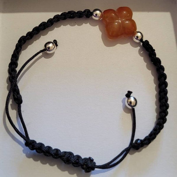 Bracelet noir réglable tressé en nylon pierre cornaline et perles en argent 925
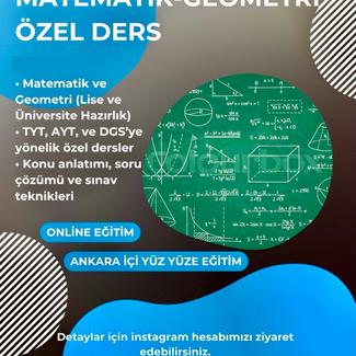 Matematik Geometri Özel Ders Ortaokul, Lise, TYT–AYT hazırlık Konu anlatımı bol soru çözümü Sınavda zaman kazandıran teknikler Online veya yüz yüze ders imkanı Öğrenciye özel program Anlaşılır, motive edici ve hedef odaklı dersler.
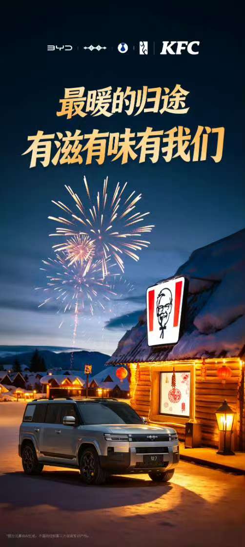 一个负责归途体面,一个承包年味速食,两大国民品牌强强联手,精准戳中年轻人与家庭用户。依托比亚迪技术实力与肯德基海量门店与会员,这场跨界不仅送福利、造热度,更是解锁更多的出行+美食新可能。返乡路上吃炸鸡、抽新车,马年好运直接豹发!

▸ **To do**:
Print the entire listing precisely as written, omitting the images it holds.

▸ **Finished task**:
 Bracelet noir réglable tressé en nylon pierre cornaline et perles en argent 925
 Matematik Geometri Özel Ders Ortaokul, Lise, TYT–AYT hazırlık Konu anlatımı bol soru çözümü Sınavda zaman kazandıran teknikler Online veya yüz yüze ders imkanı Öğrenciye özel program Anlaşılır, motive edici ve hedef odaklı dersler.
 一个负责归途体面,一个承包年味速食,两大国民品牌强强联手,精准戳中年轻人与家庭用户。依托比亚迪技术实力与肯德基海量门店与会员,这场跨界不仅送福利、造热度,更是解锁更多的出行+美食新可能。返乡路上吃炸鸡、抽新车,马年好运直接豹发!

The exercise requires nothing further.